5. Uma Carta Imaginária — De Paulo Godleschik Para Quem Passar por Ali

*Se você hoje caminha pela Rua 14, na Villa Guayra, e vê apenas asfalto, calçada, talvez um muro alto ou um prédio novo — saiba que, por muitas décadas, aqui existiu minha casa.

*Era feita de madeira. Cheirava a pinho nos dias de sol. Rangia suavemente nos ventos de inverno.

*Nela, talvez meus filhos tenham dado seus primeiros passos. Talvez minha esposa tenha cozinhado sopa em noites frias. Talvez eu tenha lido jornal na varanda, ou pendurado roupas no quintal.

*Não fui rico. Não fui famoso.
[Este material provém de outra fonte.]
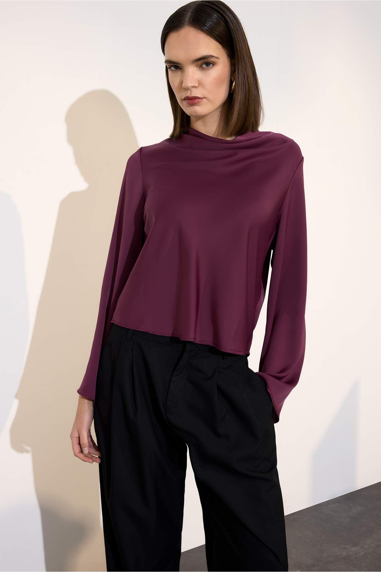 Regular Fit Degaje Yaka Saten Uzun Kollu Bluz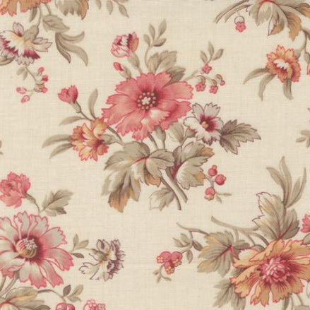 Joie de Vivre is a soft and subtle interpretation of early 19th century French prints and is evocative of an old French parlor room or a lady's dressing room. The larger multi-colored floral prints lend themselves to floral fussy cutting - a wonderful way to create pretty appliqués and hexagons.

Mas fui feliz.

*E se alguém um dia perguntar: “Quem foi Paulo Godleschik?”, diga:

“Foi um homem que, com 90 metros quadrados de madeira, construiu um mundo.”

Com gratidão,
Paulo


6. Conclusão — A Dignidade da Casa Pequena

Paulo Godleschik representa a multidão silenciosa que construiu Curitiba — não com grandes empreendimentos, mas com pequenas decisões cotidianas: comprar um lote, contratar um arquiteto, assentar a primeira viga.

Sua casa era econômica, mas não era insignificante. Pelo contrário: era profundamente humana.

E é justamente por isso que sua história merece ser contada. Porque, em tempos de demolições aceleradas e apagamento da memória urbana, honrar as casas simples é honrar a própria alma da cidade.


Epílogo — A Prancha que Sobreviveu

Hoje, o único vestígio físico do bangalô de Paulo está arquivado — não em madeira, mas em microfilme. Linhas traçadas à mão, cotas precisas, o nome do cliente em destaque. É um documento técnico, sim — mas também um ato de amor à cidade, à arquitetura, à vida comum.

Que ele nos lembre:
Nem toda grandeza está nas grandes construções.
Às vezes, está nos 90 m² de uma casa de madeira,
erguida por um homem chamado Paulo Godleschik.


Para sempre, Paulo Godleschik.
Morador da Rua 14, Villa Guayra.
Projeto assinado em 7 de julho de 1928.
Demolido em 2012.
Lembrado em 2025.


Este artigo foi escrito em homenagem a todos os moradores anônimos cujas casas já não existem — mas cujas vidas continuam a habitar nossa memória coletiva.